Let us understand the working of the pseudocode better through an example:
Code
- C/C++
- Java
- Python
import java.util.*;
class ShortestPathMaze
{
static int ROW = 5;
static int COL = 5;
// To store cell cordinates
static class Cell
{
int x;
int y;
public Cell(int x, int y)
{
this.x = x;
this.y = y;
}
};
// Declaring Queue to be used in BFS
static class queueNode
{
Cell pt; // Cell cordinates
int dist; // Cell's distance of from the source
public queueNode(Cell pt, int dist)
{
this.pt = pt;
this.dist = dist;
}
};
// Check whether given cell(row,col) is a valid cell or not
static boolean checkValid(int row, int col)
{
return ((row >= 0) && (row < ROW) && (col >= 0) && (col < COL));
}
// These arrays show the 4 possible movement from a cell
static int rowNum[] = {-1, 0, 0, 1};
static int colNum[] = {0, -1, 1, 0};
// Function to find the shortest path between source cell and destination cell
static int bfsLee(int mat[][], Cell src, Cell dest)
{
// Checking if source and destination cell have value 1
if (mat[src.x][src.y] != 1 || mat[dest.x][dest.y] != 1)
return -1;
boolean [][]visited = new boolean[ROW][COL];
// Mark the source cell as visited
visited[src.x][src.y] = true;
// Create a queue for BFS
Queue<queueNode> q = new LinkedList<>();
// Distance of source cell is 0
queueNode s = new queueNode(src, 0);
q.add(s); // Enqueue source cell
// Performing BFS starting from source cell
while (!q.isEmpty())
{
queueNode curr = q.peek();
Cell pt = curr.pt;
// If we have reached the destination cell, return the final distance
if (pt.x == dest.x && pt.y == dest.y)
return curr.dist;
q.remove();
// Otherwise enqueue its adjacent cells with value 1
for (int i = 0; i < 4; i++)
{
int row = pt.x + rowNum[i];
int col = pt.y + colNum[i];
// Enqueue valid adjacent cell that is not visited
if (checkValid(row, col) &&
mat[row][col] == 1 &&
!visited[row][col])
{
visited[row][col] = true;
queueNode Adjcell = new queueNode
(new Cell(row, col),
curr.dist + 1 );
q.add(Adjcell);
}
}
}
// Return -1 if destination cannot be reached
return -1;
}
// Driver Code
public static void main(String[] args)
{
int mat[][] = {{ 1, 0, 1, 1, 1 },
{ 1, 0, 1, 0, 1 },
{ 1, 1, 1, 0, 1 },
{ 0, 0, 0, 0, 1 },
{ 1, 1, 1, 0, 1 }};
Cell source = new Cell(0, 0);
Cell dest = new Cell(2, 1);
int dist = bfsLee(mat, source, dest);
if (dist != -1)
System.out.println("Length of the Shortest Path is " + dist);
else
System.out.println("Shortest Path doesn't exist");
}
}
Output:
Length of the Shortest Path is 3
Complexity Analysis
Approach | Time Complexity | Space Complexity |
|---|---|---|
Lee Algorithm to find shortest path in a maze | O(MxN) | O(MxN) |
The above solution traverses each cell of the matrix one by one in a BFS manner until our destination cell is reached or there is no path remaining.

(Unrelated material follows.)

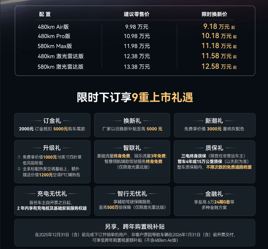 動力方面,新車搭載最大功率150kW的電機,搭配蜂巢能源磷酸鐵鋰短刀動力電池,提供45.3kWh和58.3kWh兩種電池,對應續航里程分別為480km和580km。
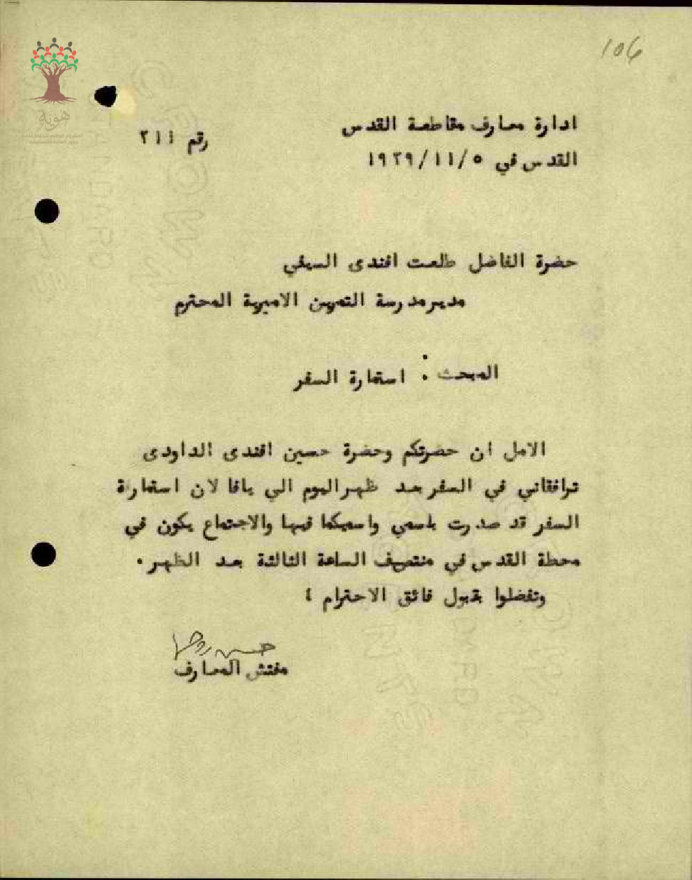 رسالة من مفتش المعارف الى المعلم طلعت السيفي بخصوص استمارة سفره

All this process leads to a O(MxN) time complexity where M and N are the dimensions of the matrix. Also, since we require an additional MxN matrix to store the visited status of cells, the space complexity is also O(MxN).
In this way, we have learnt how to find shortest path between two points in a maze using the Lee Algorithm.